» THE PROBLEM
Find every line below with the word "apply" in it, and copy each one.

━━ DATA FOR REVIEW ━━

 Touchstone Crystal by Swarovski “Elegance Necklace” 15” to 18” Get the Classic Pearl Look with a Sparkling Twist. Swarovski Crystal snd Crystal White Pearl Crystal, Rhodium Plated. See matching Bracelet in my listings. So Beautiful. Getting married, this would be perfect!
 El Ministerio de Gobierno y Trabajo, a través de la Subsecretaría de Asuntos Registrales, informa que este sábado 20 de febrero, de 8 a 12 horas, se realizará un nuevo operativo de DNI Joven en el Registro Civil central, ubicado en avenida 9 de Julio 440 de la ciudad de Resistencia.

━━━
━━ DATA FOR REVIEW ━━

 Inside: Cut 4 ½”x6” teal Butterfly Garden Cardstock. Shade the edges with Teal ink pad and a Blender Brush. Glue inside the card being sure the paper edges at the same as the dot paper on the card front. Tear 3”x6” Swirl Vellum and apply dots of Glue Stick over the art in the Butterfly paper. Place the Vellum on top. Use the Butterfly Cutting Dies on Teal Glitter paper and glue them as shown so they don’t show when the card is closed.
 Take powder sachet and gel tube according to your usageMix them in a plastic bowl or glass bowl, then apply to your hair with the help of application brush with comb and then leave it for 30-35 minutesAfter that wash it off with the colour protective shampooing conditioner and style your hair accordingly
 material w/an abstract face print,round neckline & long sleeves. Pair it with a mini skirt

━━━

» ANSWER SECTION
 Inside: Cut 4 ½”x6” teal Butterfly Garden Cardstock. Shade the edges with Teal ink pad and a Blender Brush. Glue inside the card being sure the paper edges at the same as the dot paper on the card front. Tear 3”x6” Swirl Vellum and apply dots of Glue Stick over the art in the Butterfly paper. Place the Vellum on top. Use the Butterfly Cutting Dies on Teal Glitter paper and glue them as shown so they don’t show when the card is closed.
 Take powder sachet and gel tube according to your usageMix them in a plastic bowl or glass bowl, then apply to your hair with the help of application brush with comb and then leave it for 30-35 minutesAfter that wash it off with the colour protective shampooing conditioner and style your hair accordingly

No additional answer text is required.